=== Data shown ===
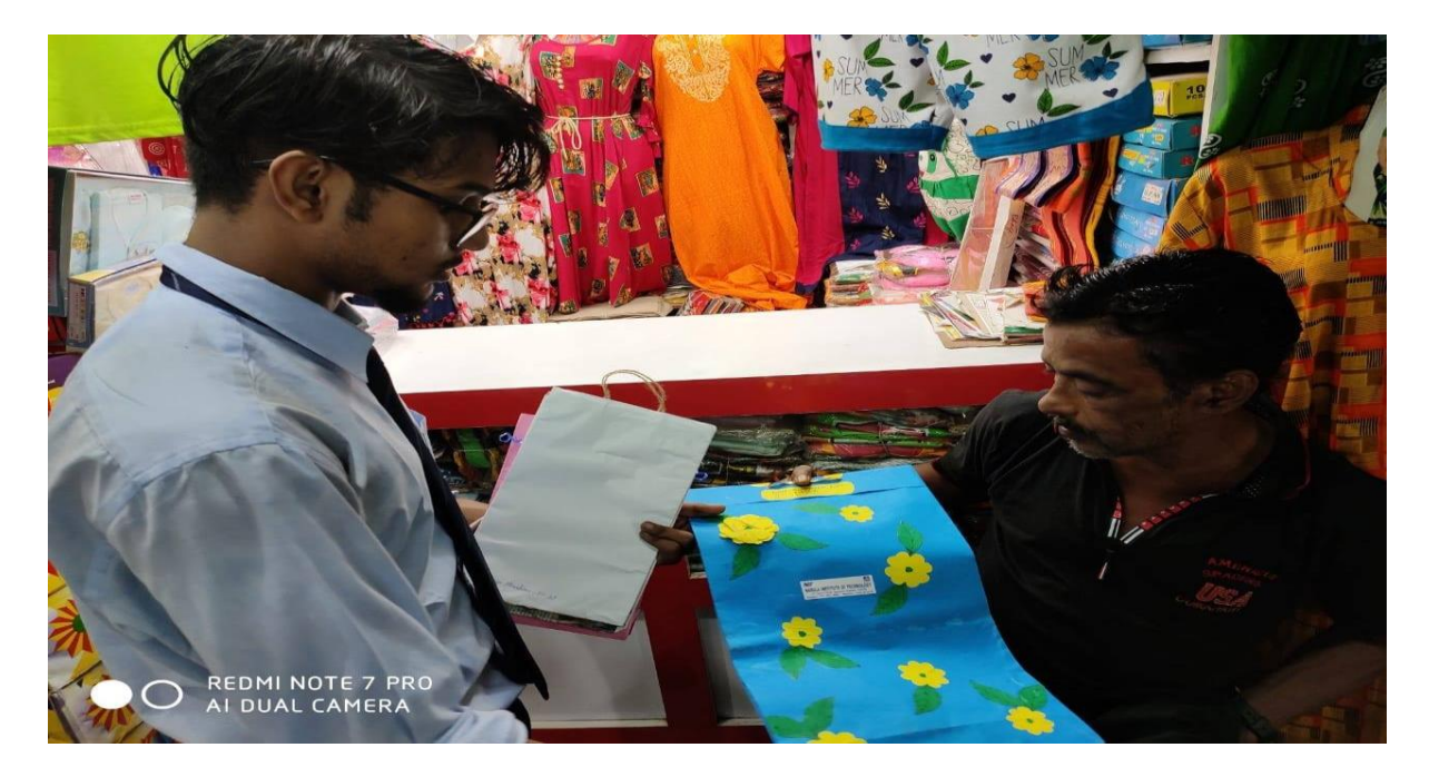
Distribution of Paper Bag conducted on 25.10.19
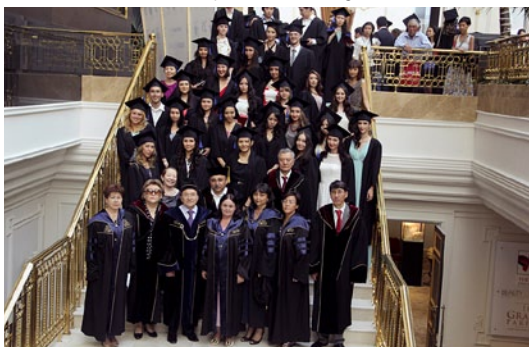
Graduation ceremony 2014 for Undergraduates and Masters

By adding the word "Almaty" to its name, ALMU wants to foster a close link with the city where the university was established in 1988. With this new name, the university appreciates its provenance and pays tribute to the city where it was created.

=== To do ===
The lines to copy run from the one containing "Graduation ceremony 2014" through the last line above. Copy them exactly and include nothing else.

=== Problem solution ===
Graduation ceremony 2014 for Undergraduates and Masters

By adding the word "Almaty" to its name, ALMU wants to foster a close link with the city where the university was established in 1988. With this new name, the university appreciates its provenance and pays tribute to the city where it was created.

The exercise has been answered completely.